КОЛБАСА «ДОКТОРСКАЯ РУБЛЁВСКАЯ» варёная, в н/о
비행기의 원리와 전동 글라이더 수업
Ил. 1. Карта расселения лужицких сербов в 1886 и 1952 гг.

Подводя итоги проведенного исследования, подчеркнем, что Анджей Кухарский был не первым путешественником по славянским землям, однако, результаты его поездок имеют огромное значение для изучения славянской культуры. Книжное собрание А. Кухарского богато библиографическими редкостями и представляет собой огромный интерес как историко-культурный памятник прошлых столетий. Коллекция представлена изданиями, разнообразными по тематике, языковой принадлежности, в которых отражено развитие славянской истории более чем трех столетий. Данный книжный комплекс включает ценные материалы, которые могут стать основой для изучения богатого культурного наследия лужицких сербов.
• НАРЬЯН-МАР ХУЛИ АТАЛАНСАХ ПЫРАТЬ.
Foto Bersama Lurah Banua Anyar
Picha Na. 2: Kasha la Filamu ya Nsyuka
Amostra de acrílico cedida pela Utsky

--

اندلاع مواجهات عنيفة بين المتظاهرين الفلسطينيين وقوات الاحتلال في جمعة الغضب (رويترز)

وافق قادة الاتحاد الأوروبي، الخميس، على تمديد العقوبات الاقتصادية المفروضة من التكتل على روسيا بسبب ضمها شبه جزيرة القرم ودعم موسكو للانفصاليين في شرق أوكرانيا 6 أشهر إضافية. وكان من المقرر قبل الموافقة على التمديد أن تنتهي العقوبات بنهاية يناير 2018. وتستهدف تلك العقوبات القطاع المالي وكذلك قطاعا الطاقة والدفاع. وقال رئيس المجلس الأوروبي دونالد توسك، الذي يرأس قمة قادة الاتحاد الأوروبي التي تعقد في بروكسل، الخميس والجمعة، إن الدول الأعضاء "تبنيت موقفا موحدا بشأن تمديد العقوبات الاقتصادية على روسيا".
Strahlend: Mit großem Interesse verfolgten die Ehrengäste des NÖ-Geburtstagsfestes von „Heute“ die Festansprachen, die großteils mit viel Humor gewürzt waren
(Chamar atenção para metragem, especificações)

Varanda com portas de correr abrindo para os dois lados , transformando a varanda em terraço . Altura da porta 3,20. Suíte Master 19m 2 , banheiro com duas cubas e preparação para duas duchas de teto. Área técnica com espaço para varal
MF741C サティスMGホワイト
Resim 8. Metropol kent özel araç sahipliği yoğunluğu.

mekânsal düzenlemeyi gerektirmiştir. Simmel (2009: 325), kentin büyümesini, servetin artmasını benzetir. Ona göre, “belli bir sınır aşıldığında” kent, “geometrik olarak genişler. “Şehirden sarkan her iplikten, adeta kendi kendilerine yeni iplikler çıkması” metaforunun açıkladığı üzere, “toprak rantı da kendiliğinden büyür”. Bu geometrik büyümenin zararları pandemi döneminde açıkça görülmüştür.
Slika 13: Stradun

_PROBLEM DETAILS:_ Scan the material above. Extract every line in which the word "лужицких" occurs.

_RESPONSE TO THE EXERCISE:_
Ил. 1. Карта расселения лужицких сербов в 1886 и 1952 гг.
Подводя итоги проведенного исследования, подчеркнем, что Анджей Кухарский был не первым путешественником по славянским землям, однако, результаты его поездок имеют огромное значение для изучения славянской культуры. Книжное собрание А. Кухарского богато библиографическими редкостями и представляет собой огромный интерес как историко-культурный памятник прошлых столетий. Коллекция представлена изданиями, разнообразными по тематике, языковой принадлежности, в которых отражено развитие славянской истории более чем трех столетий. Данный книжный комплекс включает ценные материалы, которые могут стать основой для изучения богатого культурного наследия лужицких сербов.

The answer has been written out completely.